Reproduce only what runs from the line containing "两人在月光下斗了三十回合,难" to the line containing "9. In der Designstudienleiste" in the records below, inclusive. Keep it exact, and keep the pictures out.
==== Records for processing ====
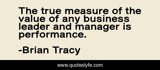 This page presents the quote "The true measure of the value of any business leader and manager is performance.". Author of this quote is Brian Tracy. This quote is about performance, leader, value,.
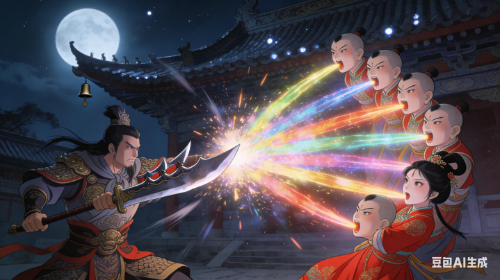 两人在月光下斗了三十回合,难分胜负,眼看天要亮了,姑娘虚晃一招,化作一道红光钻进了华山深处的金锁关。
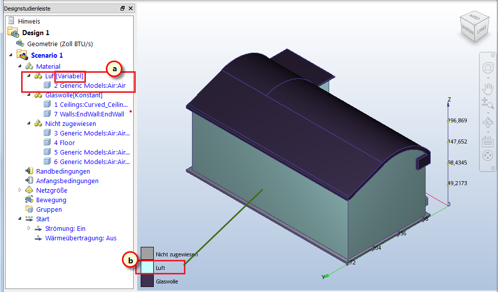 9. In der Designstudienleiste können Sie anhand der Teilfarbe überprüfen, ob das Material Luft korrekt zugewiesen wurde.
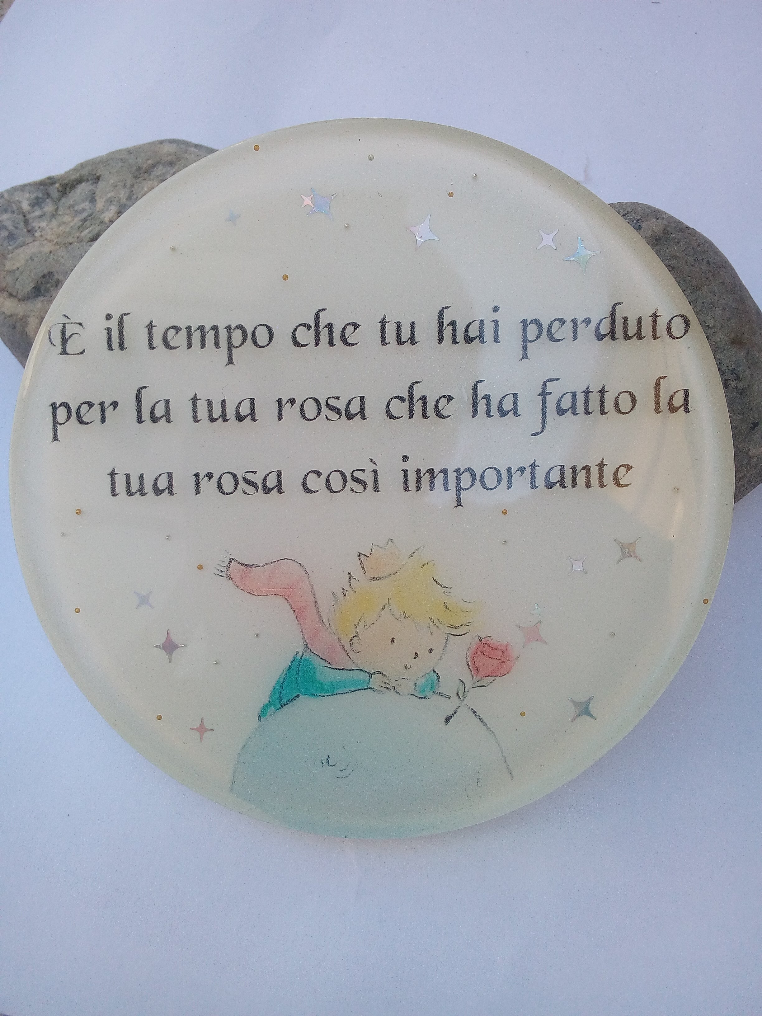 Oggetto terminato: se lo desiderate contattatemi in privato. Bellissimo sottobicchiere con una frase presa dal piccolo principe e un immagine davvero bellissima. Per tutti gli appassionati della lettura, delle bevande calde e del libro.
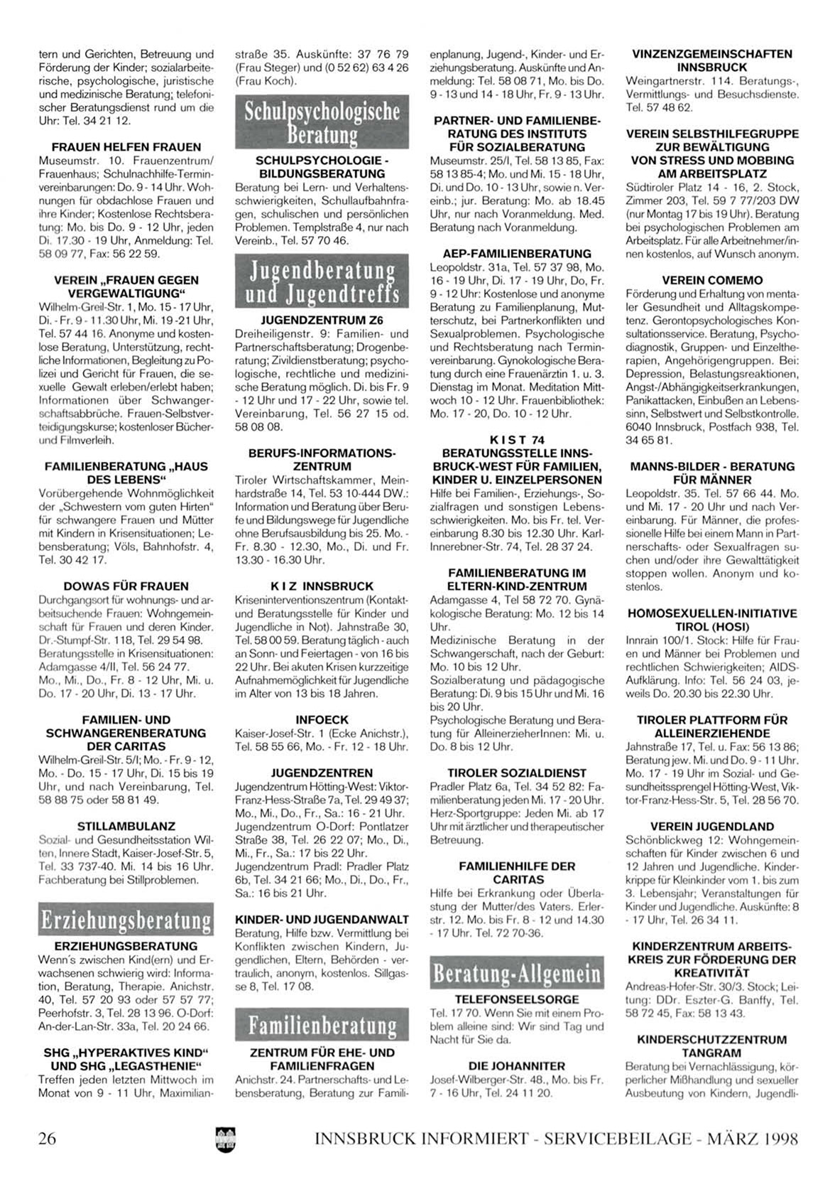 Pradler Platz 6a, Tel. 34 52 82: Familienberatung jeden Mi. 17 - 20 Uhr.
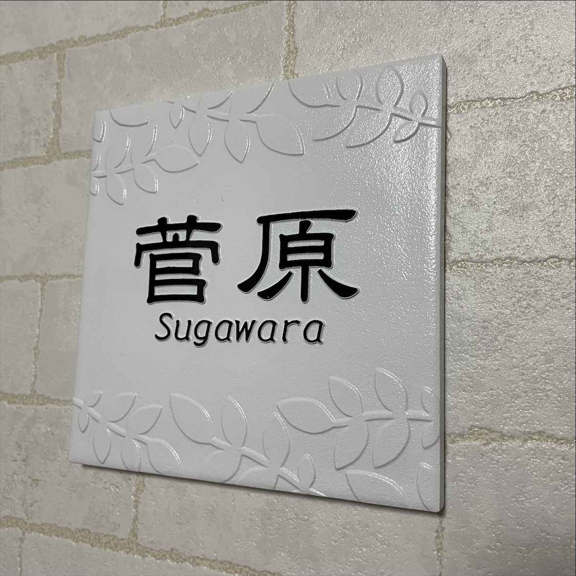 表札 見本品処分「菅原 Sugawara」150角タイル ネームプレート 二層浮き彫り表札 風水 收藏
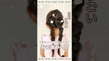 簡単ヘアアレンジ 《めちゃくちゃ凝ってるみつあみヘア》#ヘアアレンジ #キッズヘアアレンジ #かわいい – うらら⌇簡単5分マジック🪄子どもヘアアレンジ 出典:YouTube / うらら⌇簡単5分マジック🪄子どもヘアアレンジ 2025.09.27 簡単ヘアアレンジ
====
Result of the exercise:
 两人在月光下斗了三十回合,难分胜负,眼看天要亮了,姑娘虚晃一招,化作一道红光钻进了华山深处的金锁关。
 9. In der Designstudienleiste können Sie anhand der Teilfarbe überprüfen, ob das Material Luft korrekt zugewiesen wurde.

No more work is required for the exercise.